Evals

Evals (evaluations) are systematic tests used to measure and monitor LLM or system performance on specific tasks. Unlike conventional software tests that assert binary pass/fail on deterministic outputs, evals handle non-deterministic model behavior and typically use statistical or qualitative scoring (e.g., accuracy rates, human preference rankings). They are used to compare variants, catch regressions, and track metrics like accuracy, safety, and robustness.

Details

Eval approaches include automated metrics (exact match, similarity scores), model-as-a-judge (using an LLM to grade outputs), and human evaluation. Standardized benchmarks are a subset of evals designed for repeatable comparisons, often with fixed datasets and scoring. Evals can run offline (on curated datasets before deployment) or online (against live traffic in production).

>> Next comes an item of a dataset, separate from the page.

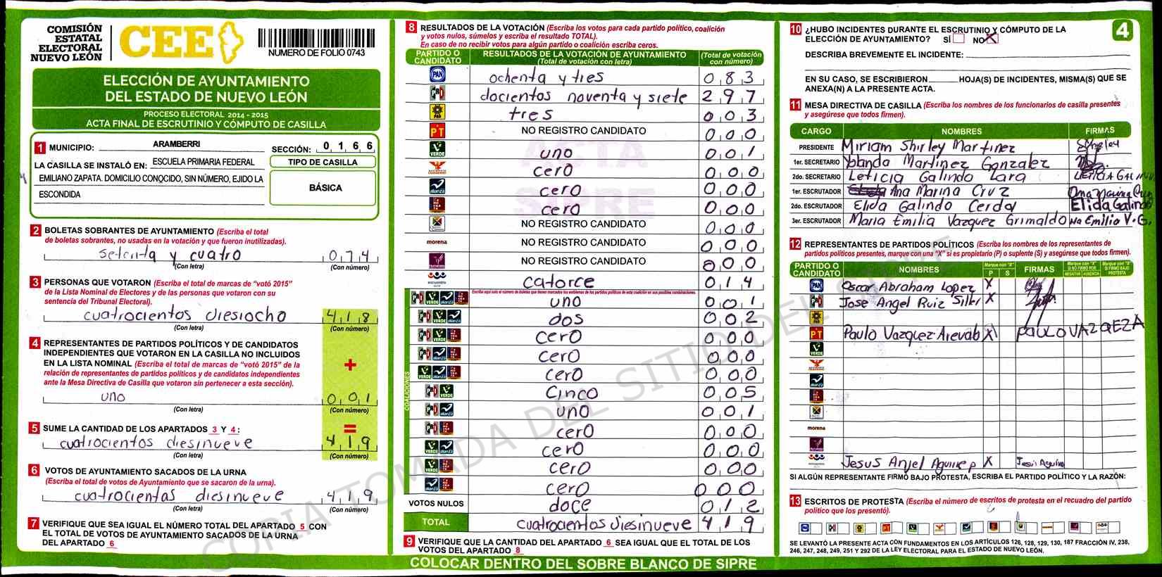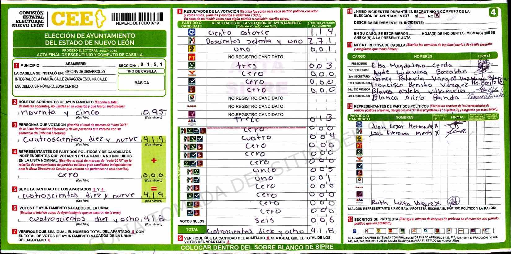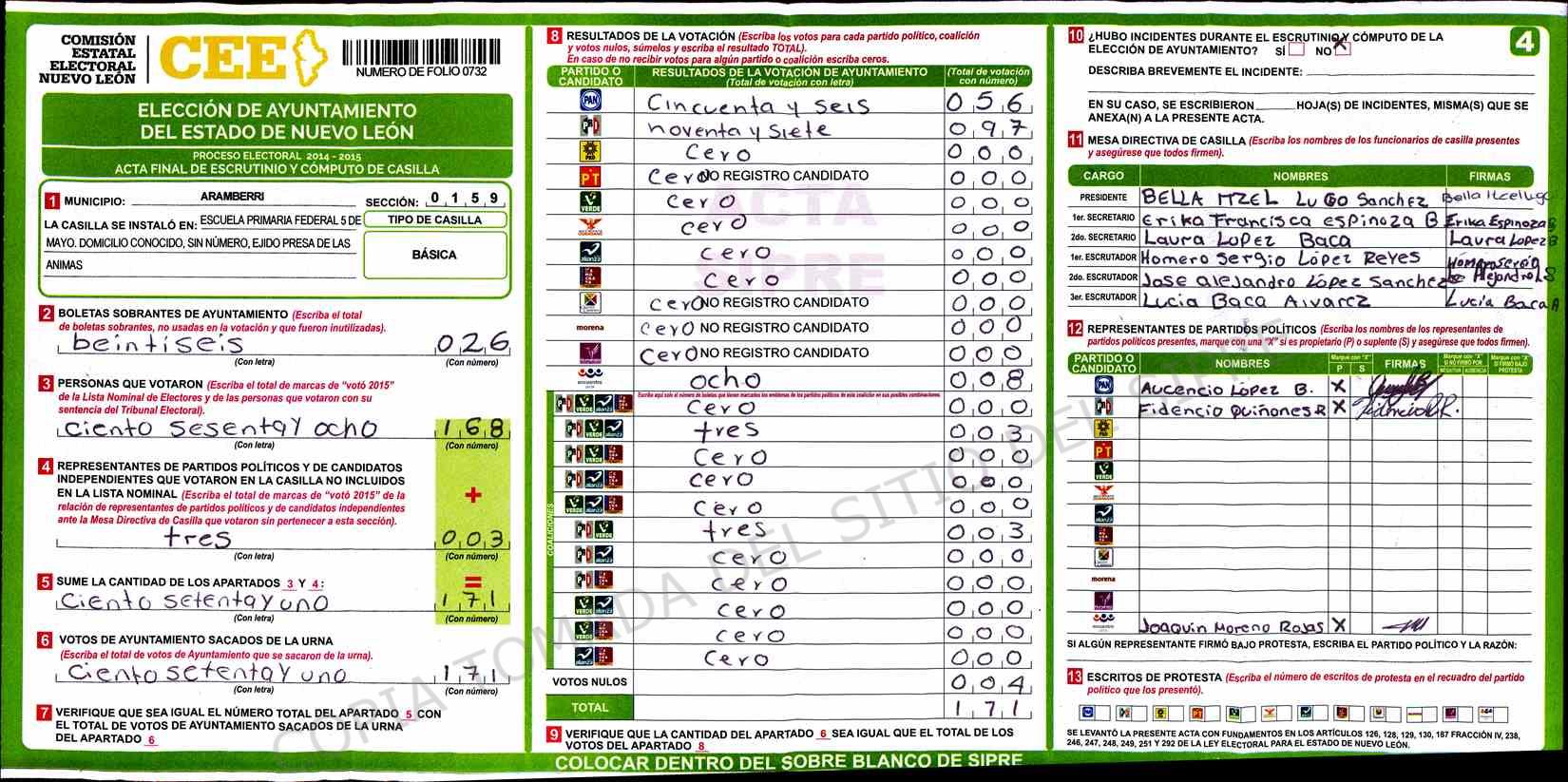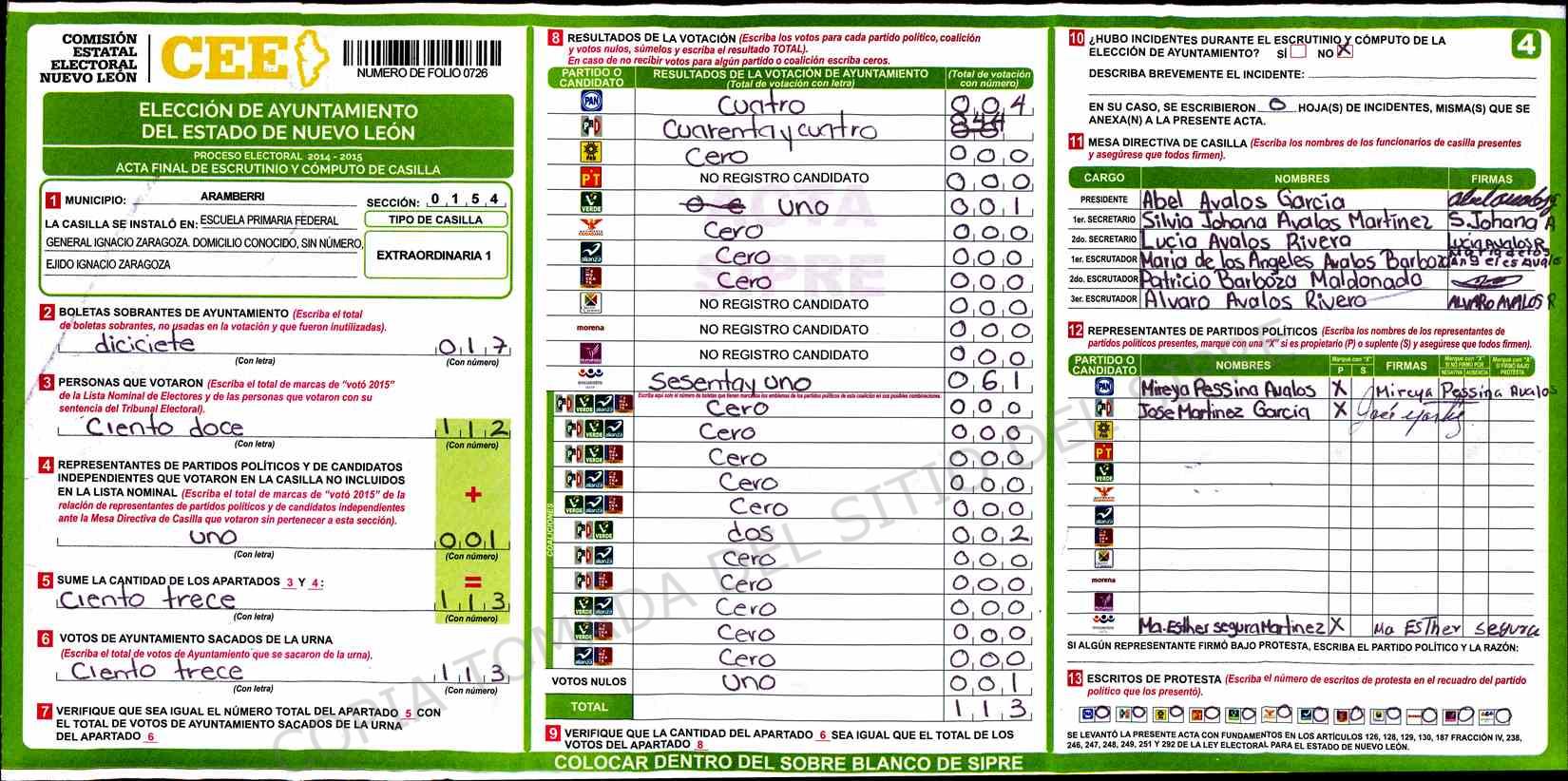 | Claves de Incidencia: | (1) Ilegible, (2) Mutilada, (3) Presenta Correcciones, (4) Presenta Borrones, (5) En Blanco, (6) Cifras Remarcadas, (7) Cifras de Mas, (8) Copiado Movido, (9) Con Signos Inválidos, (10) Excede Lista Nominal, (11) Otra |

Evals are commonly built from real user traffic and failure cases surfaced by observability telemetry, and they are often used as release gates when changing prompts, tools, LLMs, or infrastructure. An eval runner is the software component that orchestrates eval execution end-to-end.

Metrics

Eval metrics fall into three categories: deterministic metrics computed directly from outputs, model-based metrics that use an LLM as a judge, and operational metrics that track system-level performance.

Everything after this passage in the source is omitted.